- A proxy fight at Norfolk Southern was formally launched last week and is already drawing in politicians and regulators.
- Activists at Ancora have sharply criticized Norfolk Southern CEO Alan Shaw, while the railroad company's board has expressed concerns about Ancora's proposed management team.
- The battle is taking place a little over a year after a Norfolk Southern freight train derailed in East Palestine, Ohio.
Just over a year ago, a Norfolk Southern freight train derailed in East Palestine, Ohio, releasing toxic chemicals into the environment and prompting a political fight regarding railroad safety.
Now the company is at the early stages of a proxy battle, with opposing lineups that already feature heavyweight politicians and the attention of industry regulators.
Last week, an investor group led by Ohio-based activist Ancora Advisors and backed by EdgePoint Investment Group launched a proxy fight with the aim of adding eight directors to the board and ousting CEO Alan Shaw. Among the names on the board slate was former Ohio governor John Kasich, who ran against Donald Trump in the 2016 Republican presidential primary.
Norfolk Southern' has underperformed both its peers and the broader market over the last year. The stock jumped 9% on Feb. 1, after Ancora's stake was first reported. Still, it's up just 13% in the past year, compared to 27% for the S&P 500.
Ancora says in its presentation that Shaw is a "30-year insider" who lacks "the strategic operating and financial experience needed to effectively oversee Norfolk Southern during this critical period." Ancora also said Shaw spent "millions of dollars" on "lobbying and public relations efforts" to save his job.
The activist group seeks to replace Shaw with former UPS executive Jim Barber and install railroad executive Jamie Boychuk as operating chief.
Money Report
Norfolk Southern responded on Monday, rejecting that slate and announcing it would nominate former Amtrak CEO Richard Anderson and former U.S. Senator from North Dakota Heidi Heitkamp to the company's board.
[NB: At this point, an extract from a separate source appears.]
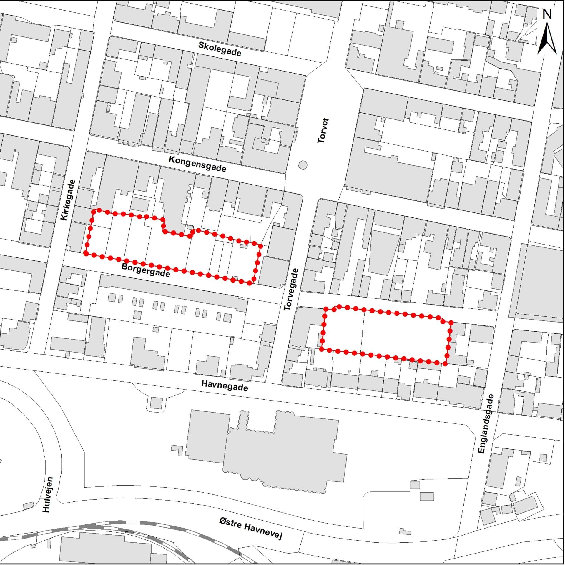 I lokalplanen er der et mindre område, der ligger inden for to karreer i Borgergade. Dette område ligger uden for de udpegede byggefelter. Baggrunden for dette er, at der i det pågældende område er en særlig mulighed for at gennemføre en større og sammenhængende byomdannelse. Forudsætningen for at denne byomdannelse kan gennemføres er, at der foretages særskilt lokalplanlægning. Med det nuværende vidensgrundlag er der ikke forudsætninger for at fastsætte byggeretsgivende bestemmelser for området.

Heitkamp served as senator for the state from 2013 through 2019 and was the last Democrat to represent North Dakota in congress.
The company has vigorously disputed Ancora's claims about Shaw in public filings, and the board maintains full confidence in the CEO, according to people familiar with the matter, who asked not to be named in order to discuss confidential matters.
Anderson, who was previously CEO of Delta Airlines, serves on the board of Cargill and Medtronic and is well-known to regulators.
"Richard's a uniquely talented business leader," said Frank Blake, ex-CEO of Home Depot and former U.S. Deputy Secretary of Energy, in an interview. "He knows how to operate in a detailed, safety-regulated environment, but also understands strategically how you grow and improve a business."
Ancora said Shaw and "his boardroom allies" on Monday had "no credible plan and no viable record to run on."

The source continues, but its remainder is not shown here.